June 29, 2006
Hirsi Ali's shadow brings down Dutch cabinet
The Dutch government has handed in its resignation after coalition partner D66 withdrew its support. Lousewies van der Laan, chairwoman of D66, had asked for the resignation of VVD minister Rita Verdonk because of her handling of the Hirsi Ali naturalisation case. The initial vote of censure* by Femke Halsema (GroenLinks-GreenLeft) that inspired Van der Laan's resignation plea received no majority in the Dutch Lower Chamber and Rita Verdonk refused to quit on her own. D66 cabinet members Laurens Jan Brinkhorst, Alexander Pechtold and Medy van der Laan consequently resigned and, by doing so, pulled the plug on the whole cabinet.
When Families Kill
Guilty verdict.
Denmark - Jyllands-PostenHonour killing trial in Denmark
The newspaper comments on the sentence passed by a court in Denmark in the trial of a so-called "honour killing". This is the first time in the history of northern Europe that an entire family has been found guilty. The jury considered it proven that the father had ordered the murder of his 18-year-old daughter after she married the man of her own choosing, and that subsequently all nine defendants had together planned and committed the murder. "In this way, the family will be seen not as a family of honour, but as a group of cowards who talk about honour and shame while trying to deny any involvement in the deed that was supposed to save the family's honour. The sentence is a clear message that we won't accept parallel societies with their own rules… The case also serves as a warning to a society that ignores people in need because of a misguided political correctness and the fear of dealing with the crazy rules of foreign societies regarding honour and shame."

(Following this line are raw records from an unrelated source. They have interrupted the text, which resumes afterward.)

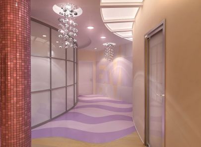 Оттенок нежной сирени и светло-фиалковый задают настроение уже в прихожей. Раскладка цветной плитки и м итирует здесь движение волн, выбранная га мма повторяется в фактурной настенной надписи. Оформленный фальш-балками и точечно подсвеченный потолок подчеркивает плавный изгиб стены, ведущей в гостиную.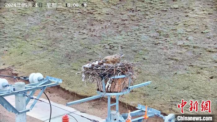 圖為監(jiān)控畫面顯示:5月21日,在青海玉樹藏族自治州嘉塘草原,10千伏珍一路的67桿塔上,一只大鵟正在孵化幼鳥。國(guó)網(wǎng)青海省電力公司供圖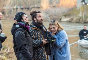Теона, Вук и Лабина Митевски на снимањето на филмот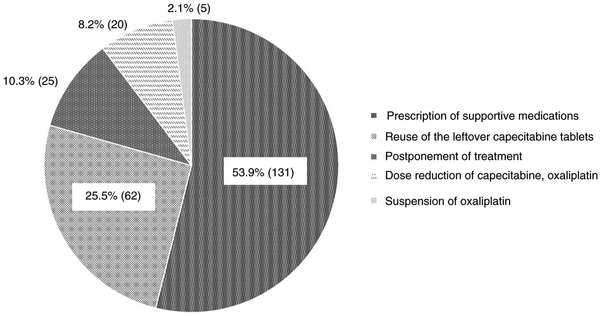 In the pharmacy outpatient clinic of the Cancer Institute Hospital of the Japanese Foundation for Cancer Research, pharmacists checked adherence to oral anticancer drugs and assessed side effects, which are one cause of non-adherence, before the patients were examined by their physicians (12,13). In the pharmacy outpatient clinic, pharmacists conducted direct patient interviews and assessments. In particular, the pharmacists played two important roles, confirmation and suggestion. Confirmation involved checking the patients' adherence to capecitabine and evaluating the side effects. Suggestion involved including suggestions in patients' EMRs regarding the most effective prescription for supportive pharmacotherapy, the timing of the next anticancer drug dose, and the administration regimen. Recommendations for prescriptions at the pharmacy outpatient clinic from the second cycle to the end of treatment were assessed. The number of prescription recommendations of medications for supportive care, reuse of leftover capecitabine, postponement of treatment, dose reduction of each drug, and suspension of oxaliplatin were evaluated. The EMR was utilized as a tool for checking patient history, documenting adherence and side effects, and communicating prescription suggestions to physicians. No artificial intelligence was involved in the patient interview or assessment process during the study period.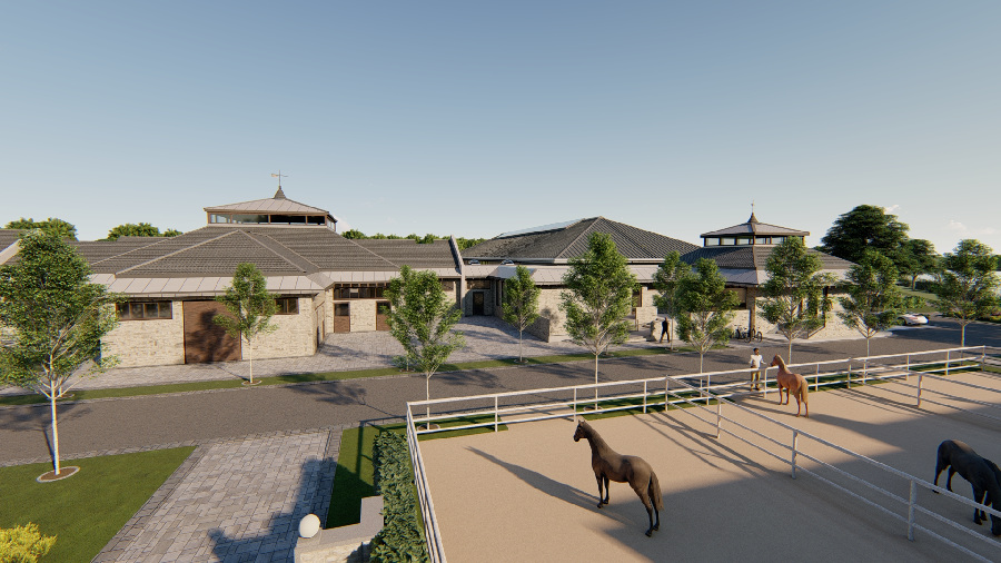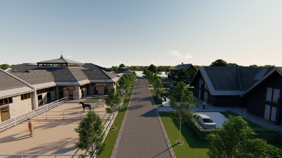 The Riding School comprises five apartment buildings, each with three units, which riders can rent for a specified period. Riders' own horses are housed in the modern stable complex. The 20x60 meter indoor riding arena is directly connected to the stable complex. Adjacent riding arenas allow riders to practice dressage and show jumping individually.

From the estimable folks at Eurotopics.
June 28, 2006
The Grenada Mosque
Observed, with thoughts on imams' roles in European societies, at The Reality-Based Community.

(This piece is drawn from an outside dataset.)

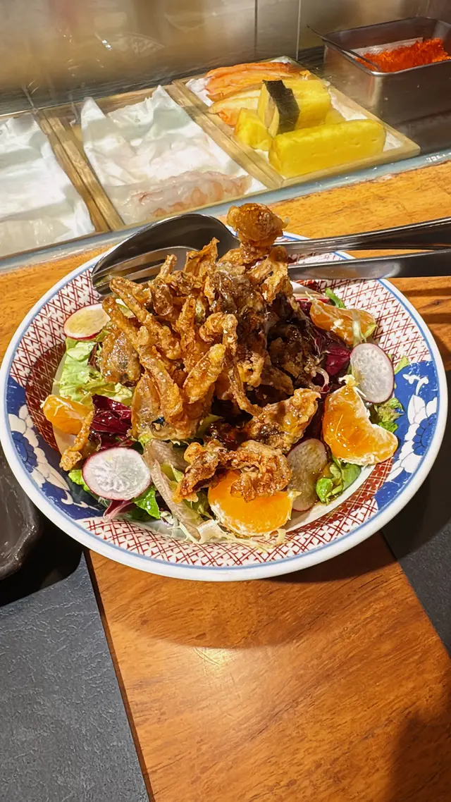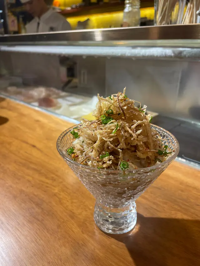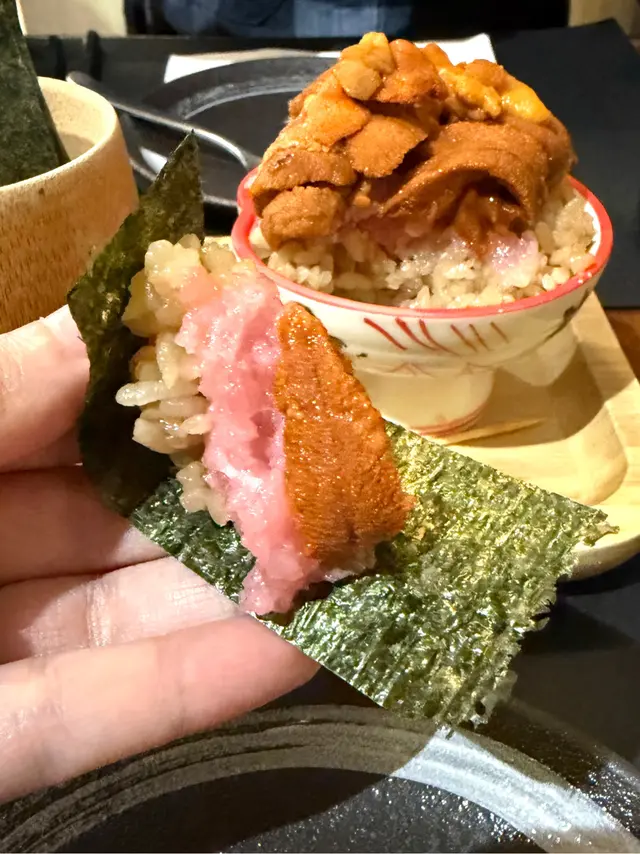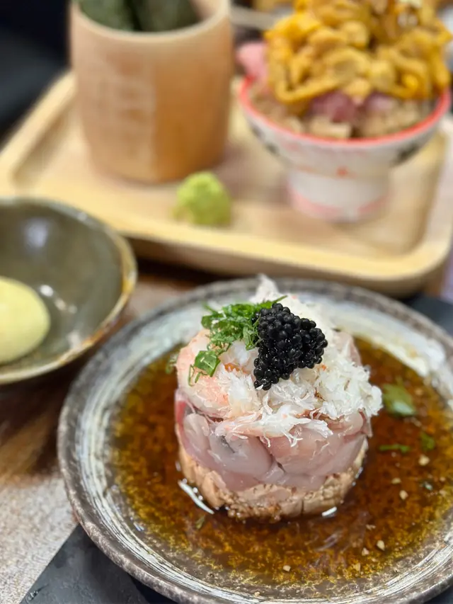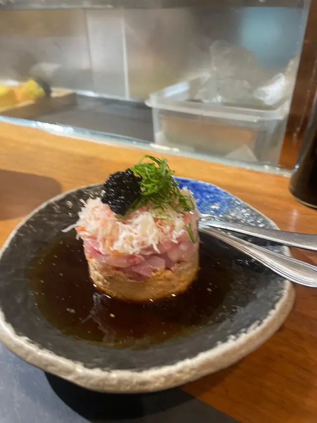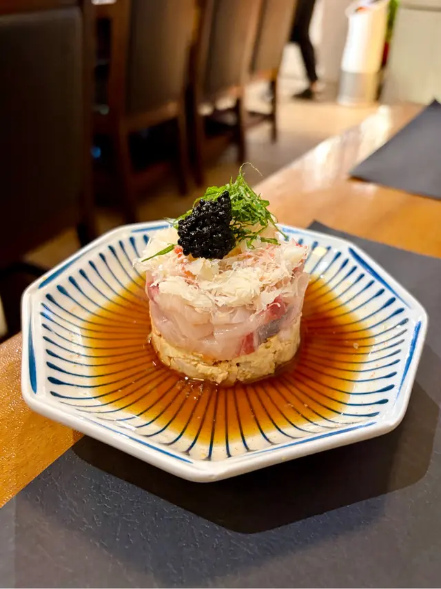 今晚來到尖沙咀著名的「食街」厚福街,上到 18 樓的鮨一。這裡的環境舒適,一直以高質刺身和創意料理聞名。這次趁著秋末冬初,專程來試試這裡的時令菜式,果然沒有失望!👌✨ 特別推薦軟殼蟹蜜柑沙律,用了柑橘的酸甜清新解去了軟殼蟹炸物的油膩感,是很聰明的搭配。🍊🦀 季節限定:香箱蟹 這個季節來絕對不能錯過!香箱蟹即是雌性的松葉蟹,雖然體型較小,但精髓在於那滿滿的蟹籽(外子)和蟹膏(內子)。師傅拆肉拆得很乾淨,蟹肉鮮甜,混合著粒粒分明的蟹籽,口感層次極豐富,每一口都是大海的鮮味,不用太多調味已經好滿足!🤤🔥 創意之選:涼拌麻婆白子 這是今晚最驚喜的一道!通常白子都是酢漬或天婦羅,這裡竟然用了「麻婆」風味。白子本身口感如奶油般綿密 Creamy 🥛,配上微辣惹味的麻婆醬汁,剛好中和了白子可能會有的膩感,這種中日 Fusion 的配搭非常大膽且成功,超級送酒!🍺滿滿甜蝦杯:超邪惡,蛋黃汁滿佈甜蝦杯,超級鮮甜!🐟 鰈魚邊杯:經過火炙的左口魚裙邊油脂逼人,入口即溶,拌著醋飯吃,那種油脂香氣在口腔爆發真的太「邪惡」。寒鰤蟹肉安康魚肝三層塔:安康魚肝素有「海中鵝肝」之稱,口感細滑,配上清新的紫蘇葉和鮮甜蟹肉,平衡感做得很好,層次分明。🦪 西非生蠔 蠔身飽滿,海水味適中,帶有淡淡的金屬餘韻,非常新鮮,作為前菜開胃一流。🌊🍢 串燒與熱食 串燒方面發揮穩定,鹽燒白鱔皮脆肉彈;和牛粒串保留了豐盈肉汁。📝 總結 :這是一間適合朋友聚餐或約會的居酒屋。食材新鮮度非常有保證,最欣賞他們在傳統食材上加入創意。這裡的氣氛和食物質素絕對值得一試!推薦回訪。🌟…查看更多

The view is to die for: over the valley to the Alhambra with the Sierra Nevada behind. The idea of the mosque, more a spiritual caravanserai and place for refreshment than an arena for strenuous communal effort like a synagogue or a church, is one of Islam's better inventions.
June 27, 2006
Legacies of the Soviet Past
Interesting. Original, in Estonian.
For months now, a dispute about the demolition of a bronze statue from the Soviet era has been raging in Tallinn. Krista Kodres takes up the cudgel for the communist regime's cultural legacy. "Just imagine if people had pulled down the palaces of the hated Bourbons after the French Revolution, or if the Winter Palace and the Kremlin had been destroyed in the Russian Revolution. Or what if Estonia had destroyed its huge estates, the symbol of 700 years of slavery… The Soviet Union had its own culture too. Naturally, it wasn't always free of ideological influence, but writers wrote, artists painted, composers composed and architects built. True, not all of it can be called high culture, but everything that was created can still be categorised as culture."
From the estimable folks at Eurotopics.